Limitations of government record keeping, journalism conventions likely helping to obscure the true impact of COVID-19 on migrant communities
It’s long been established that agricultural workplaces are among the nation’s most dangerous. The latest census on fatal occupational injuries by the U.S. Bureau of Labor Statistics reported that the category containing agriculture was responsible for the highest fatal work injury rate at 23.1 fatal injuries per 100,000 workers.
What’s more, in addition to previously existing hazards such as heat exposure, the COVID-19 pandemic has exacerbated dangerous work conditions. Researchers have found evidence suggesting that rates of COVID-19 infections and fatalities are higher in counties that employ more agricultural workers, particularly hired and migrant workers.

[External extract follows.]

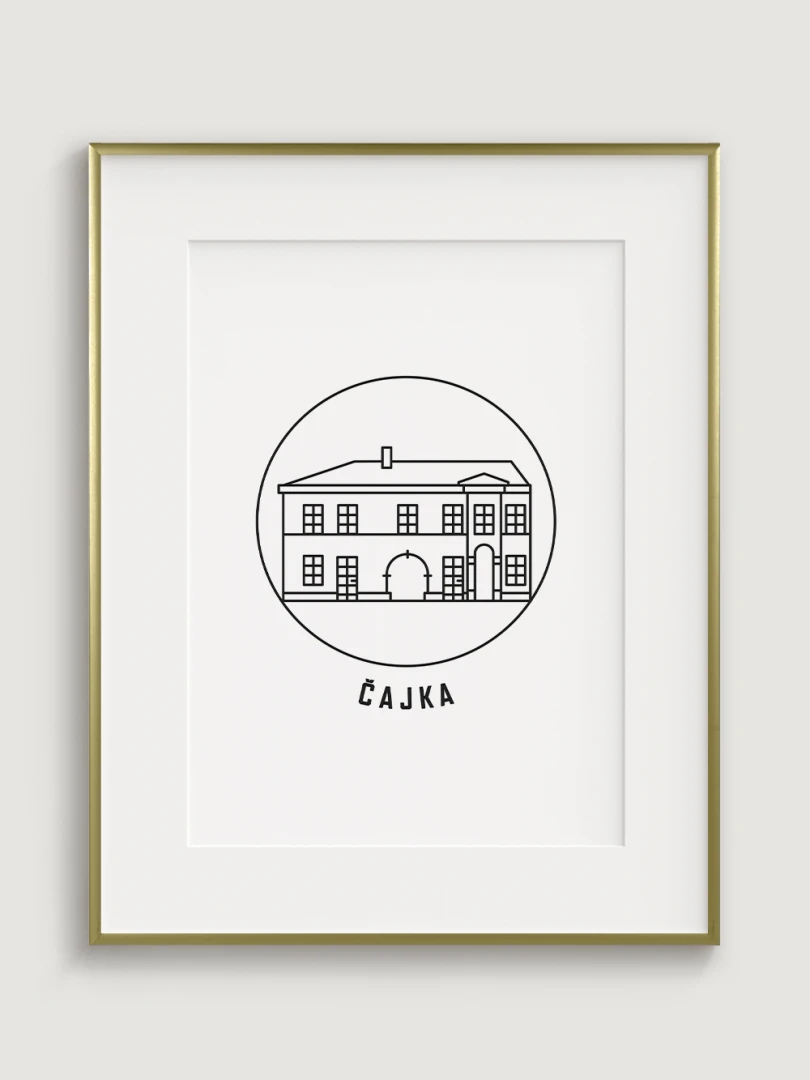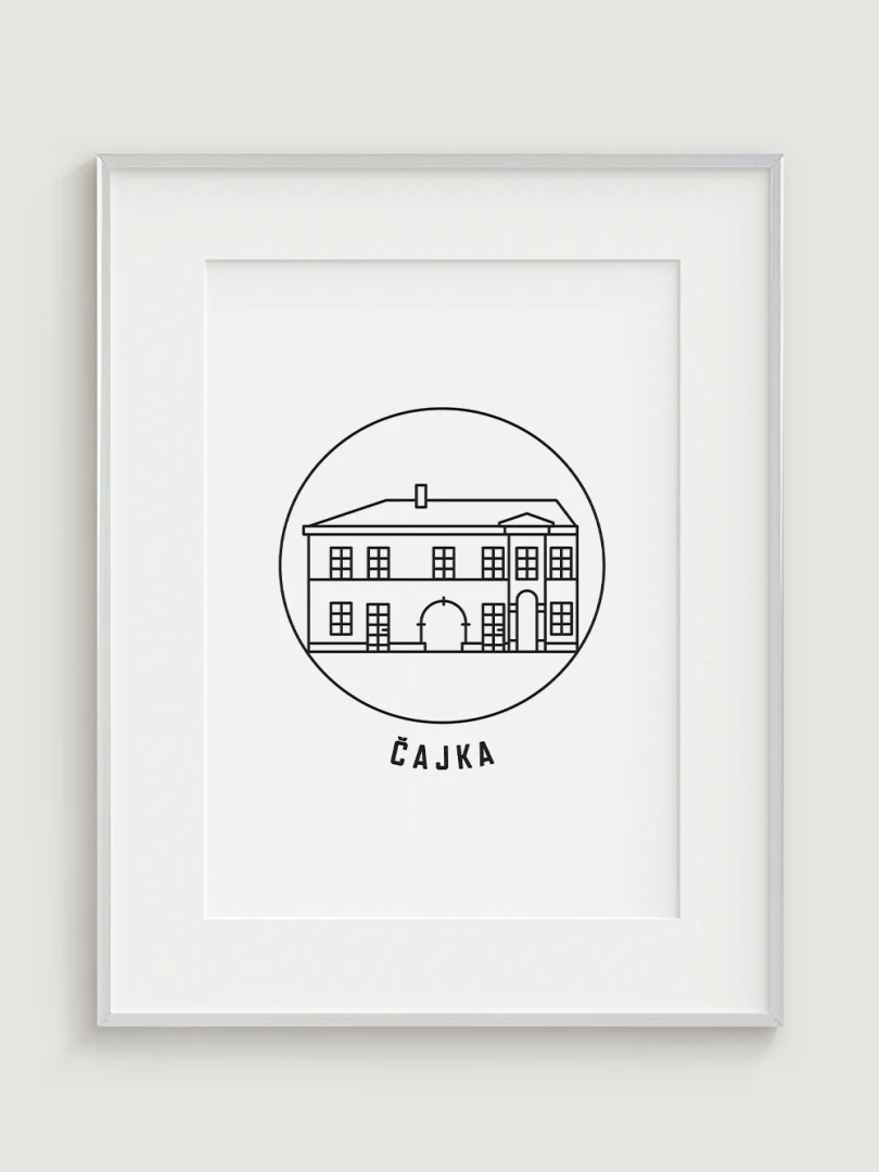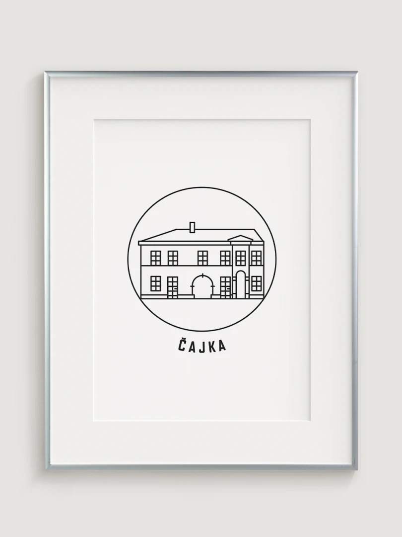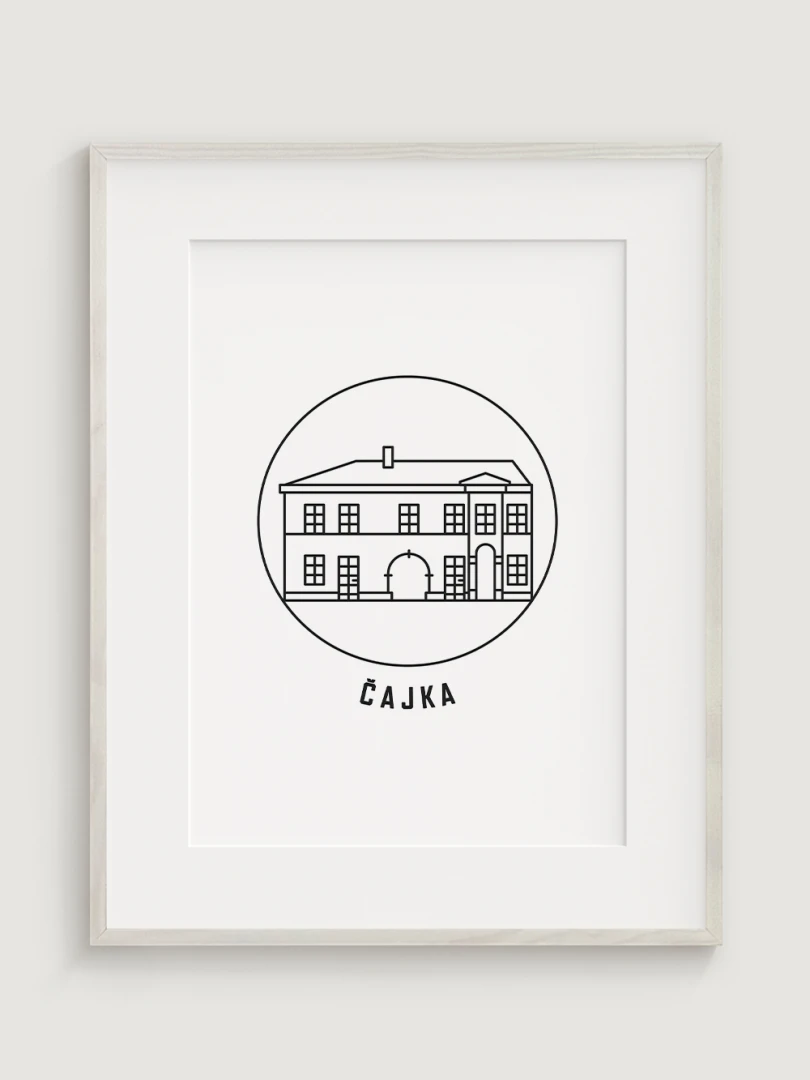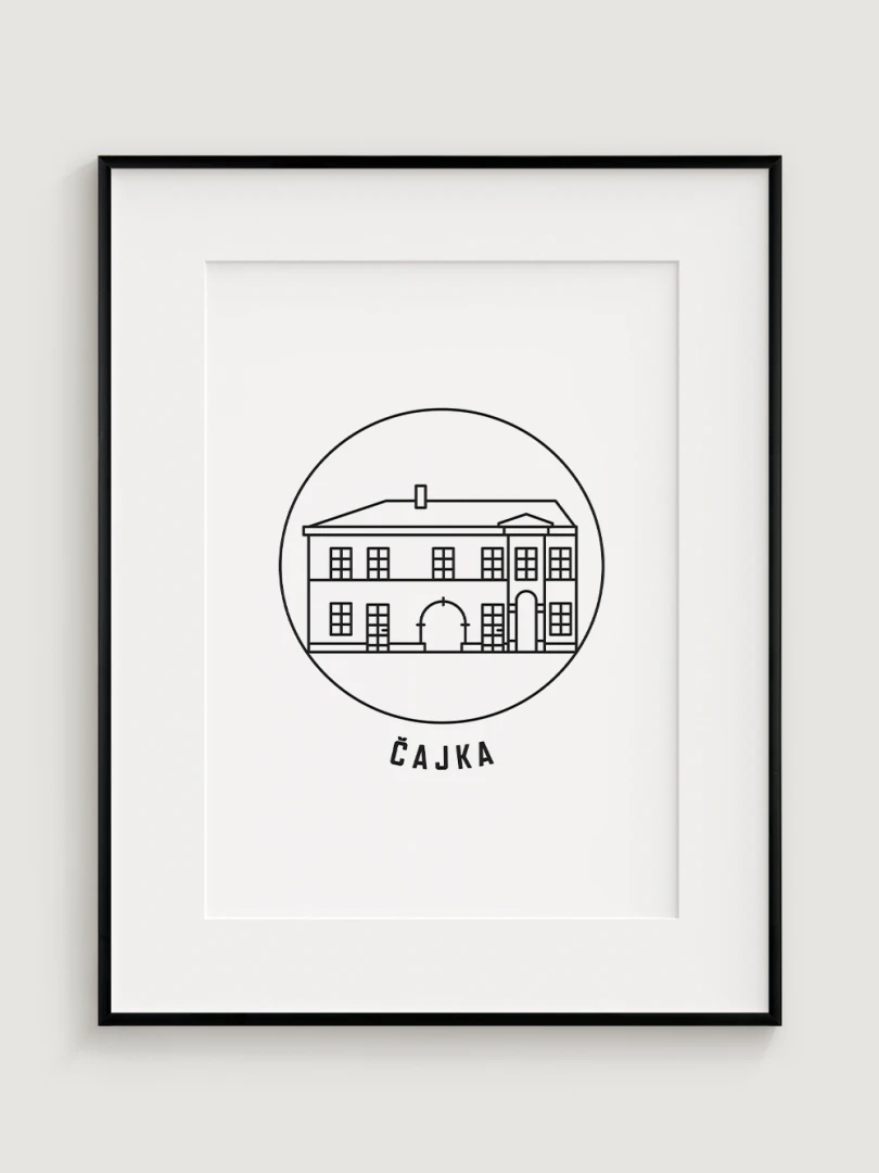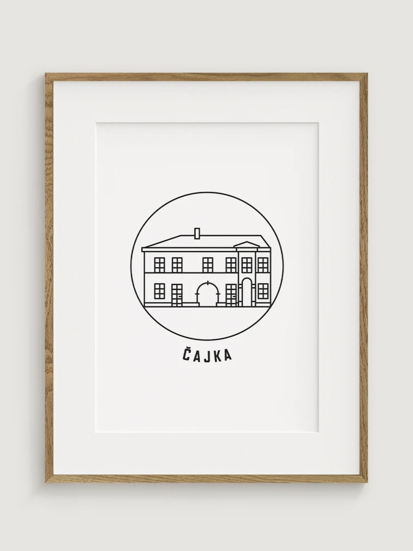 This artistic print stylishly depicts the iconic building of Čajka, an important architectural landmark of Trnava, which was once a symbol of modern city life. The elegant, linear design captures the uniqueness of this modernist building and its historical significance. Perfect for those who appreciate architecture, history and unique details, this piece will add a touch of nostalgia and heritage to your space.

When it comes to the specifics of the COVID-19 pandemic, however, unearthing definitive evidence about the vulnerability of farmworkers is, despite a lot of anecdotal evidence, much tougher.
Each week, the North Carolina Department of Health and Human Services publishes a report on COVID-19 clusters in the state. At the top of the report’s list of workplace settings is “Agriculture.” According to the latest report updated July 6th, there have been 0 total deaths associated with clusters of COVID-19 in agricultural workplaces.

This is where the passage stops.